Collection entries
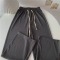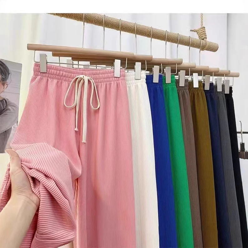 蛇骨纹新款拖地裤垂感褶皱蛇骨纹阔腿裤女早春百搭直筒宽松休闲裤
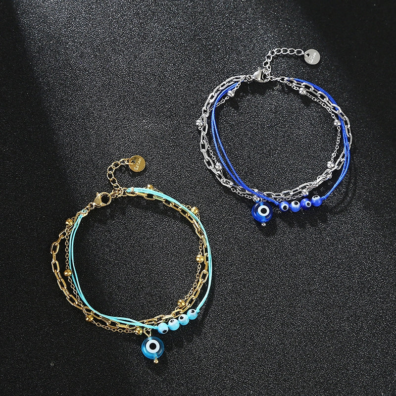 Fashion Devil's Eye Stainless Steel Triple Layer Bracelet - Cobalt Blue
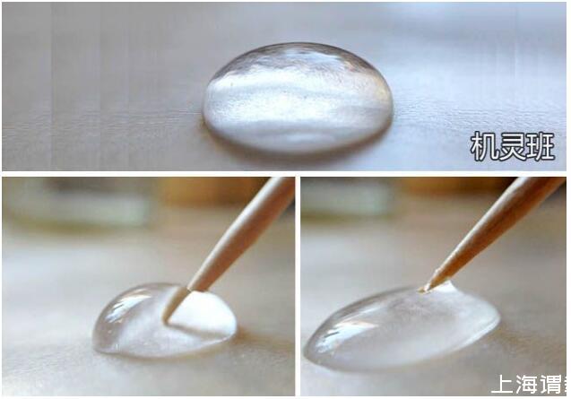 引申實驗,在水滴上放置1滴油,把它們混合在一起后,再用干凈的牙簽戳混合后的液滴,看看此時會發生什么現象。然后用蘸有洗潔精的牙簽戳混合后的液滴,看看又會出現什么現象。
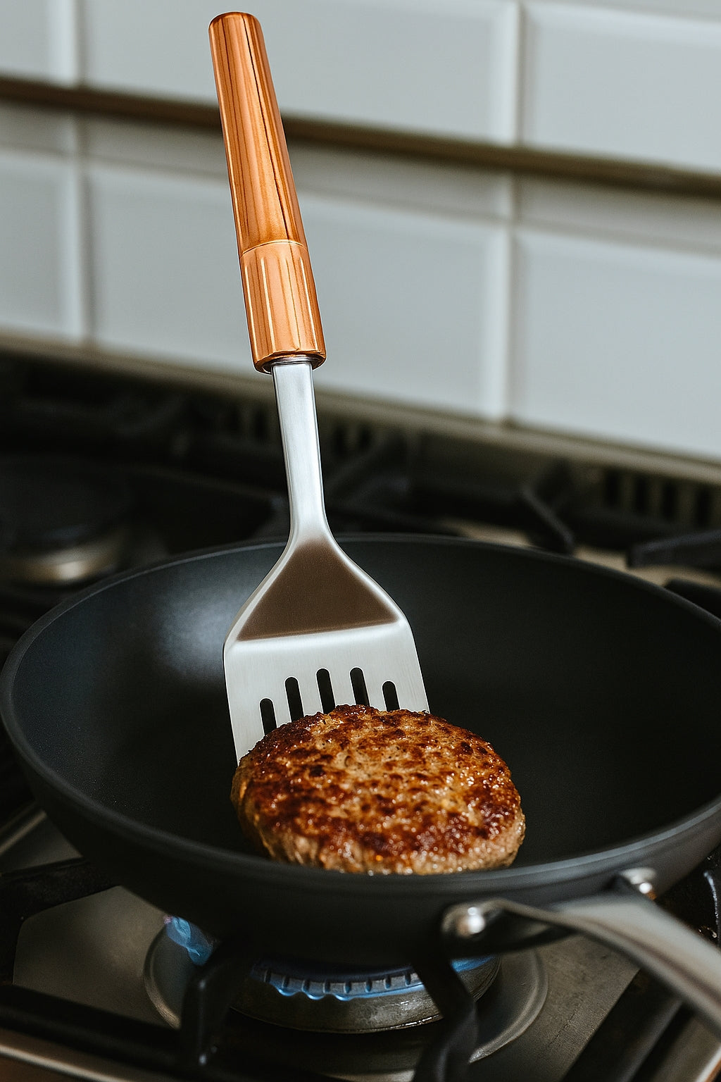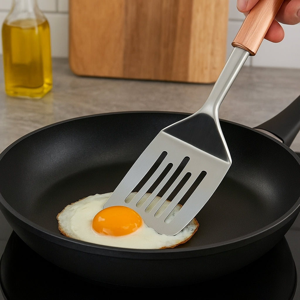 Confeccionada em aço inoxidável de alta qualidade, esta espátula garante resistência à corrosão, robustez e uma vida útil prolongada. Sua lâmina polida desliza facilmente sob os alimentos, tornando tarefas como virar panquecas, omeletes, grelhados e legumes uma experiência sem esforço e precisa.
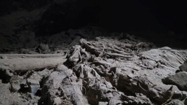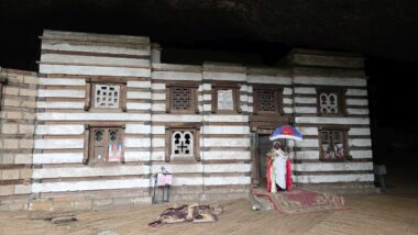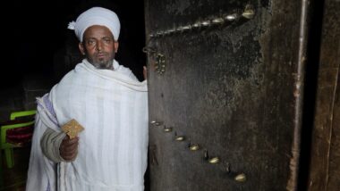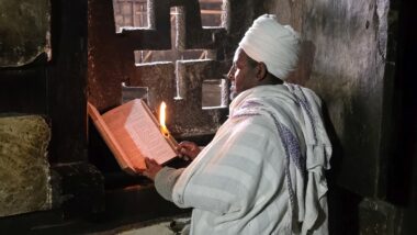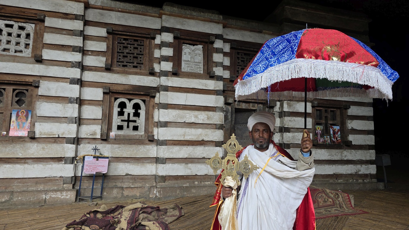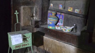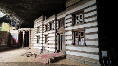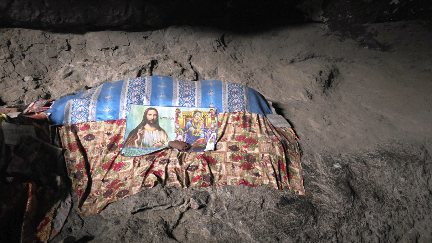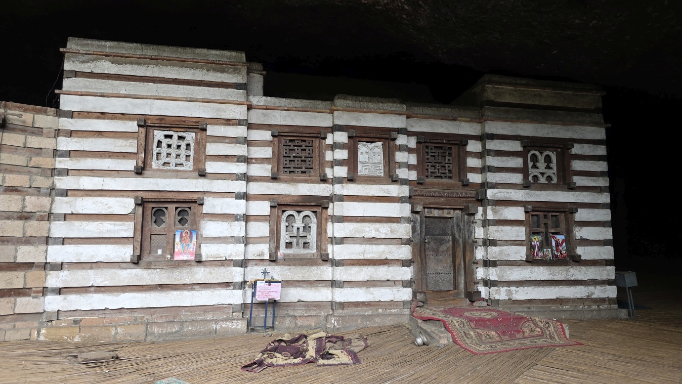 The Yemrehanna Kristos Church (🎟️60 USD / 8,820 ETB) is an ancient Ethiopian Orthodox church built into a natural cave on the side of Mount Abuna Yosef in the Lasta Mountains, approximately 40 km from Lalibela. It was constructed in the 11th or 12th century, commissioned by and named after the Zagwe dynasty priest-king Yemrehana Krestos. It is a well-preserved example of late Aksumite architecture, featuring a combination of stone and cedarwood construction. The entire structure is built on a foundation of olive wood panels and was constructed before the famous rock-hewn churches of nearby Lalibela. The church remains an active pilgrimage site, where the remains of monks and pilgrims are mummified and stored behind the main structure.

What to work on: Give again, unchanged, only the lines from the line containing "Confeccionada em aço" to the last line of the records above. Pictures do not belong in the copy.

Output for this task:
 Confeccionada em aço inoxidável de alta qualidade, esta espátula garante resistência à corrosão, robustez e uma vida útil prolongada. Sua lâmina polida desliza facilmente sob os alimentos, tornando tarefas como virar panquecas, omeletes, grelhados e legumes uma experiência sem esforço e precisa.
 The Yemrehanna Kristos Church (🎟️60 USD / 8,820 ETB) is an ancient Ethiopian Orthodox church built into a natural cave on the side of Mount Abuna Yosef in the Lasta Mountains, approximately 40 km from Lalibela. It was constructed in the 11th or 12th century, commissioned by and named after the Zagwe dynasty priest-king Yemrehana Krestos. It is a well-preserved example of late Aksumite architecture, featuring a combination of stone and cedarwood construction. The entire structure is built on a foundation of olive wood panels and was constructed before the famous rock-hewn churches of nearby Lalibela. The church remains an active pilgrimage site, where the remains of monks and pilgrims are mummified and stored behind the main structure.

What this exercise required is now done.